Getting to the point, my Rx for Sun’s survival is simple. Close the SPARC division, give up designing chips and use Intel’s CPU’s [much the same thing that Silicon Graphics did in order to survive] – or, spin off the SPARC division and see if they can survive [a-la MIPS]. This gets Sun out of the highly capital intensive and competitive chip-design market [which is not Sun’s core area of competence].

Sun can then focus on what they are good at – building software and hardware for web-services, network infrastructure, Solaris; and compete in the services sector [with IBM].

Copyright Bapcha, April 25, 2005.

Thursday, April 21, 2005

SanDisk.

Qualitative:

The global market for semiconductors is around $260 Billion annually. In this market, memory chips account for about $40 Billion a year. The fastest growing segment of the memory market is non-volatile storage or flash chips.

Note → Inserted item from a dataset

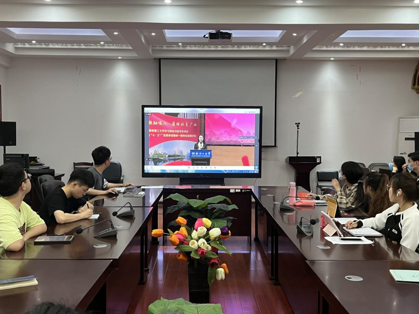 为学习习近平总书记视察广西重要讲话精神,全面贯彻新发展理念,建设新时代中国特色社会主义壮美广西,4月22日,我院在雁山校区07407、07415会议室集中观看了我校学习领会习近平总书记视察广西4.27重要讲话精神一周年纪念研讨会直播,学院全体研究生参加了学习。

These are chips that retain the data stored in them even if the batteries are turned off. Of late, they have become ubiquitous and reside in everything – cameras, cell-phones, and MP3 players, “smart” credit/debit cards. Newer cell phones come with a memory slot [S/D, MMC], and camera pixel resolution is rising – as is the need for compact, low power, non-volatile storage. The largest player in the flash market is Sunnyvale based SanDisk.

So what is it that sets SanDisk apart from their peers? I know for a fact that SanDisk has great talent. They retain their talent by providing a challenging work-culture, and by addicting their employees to stock options. Of course this will impact their results when the new accounting rules are imposed come June of 2005, but I foresee an era in which earnings are reported with and without the effect of stock-option compensation.

Quantitative:

The company is profitable [they beat earnings estimated by a dime in the previous quarter] – while the cost per Megabit drops precipitously. Currently, their gross margins stand at 35% - good but needs to be better. Meanwhile, SanDisk is aggressively transitioning their designs to 70 nm wafers, and will probably have it in production by sometime later this year. This is absolutely critical – since they need to get their costs down before the next buying season.

SNDK has 180M outstanding shares – putting their market value at about $5 Billion. A full quarter of their valuation is in cash! The mean analyst estimate for earnings for Q1 is 31 cents a share and for revenues is $467 M. I expect SanDisk to handily trounce these numbers.

Possible negatives:

Due to the nature of the memory market, companies are routinely stuck with inventory that they cannot give away. SanDisk has had to write down their inventory in the past, and unless they transition to a lower cost structure in the near future, they will be stuck doing that again. While their receivables number is down [good], their inventories are not [not good/neutral]. This is one uncertainty that any investor in this sector has to live with – for there is no easy way to tell if something will or can be sold sometime in the future – and for how much.

In conclusion, SanDisk is a well run Semiconductor Company, with great products, a good brand, and effective employees and will reward risk-tolerant investors in the next two to three years.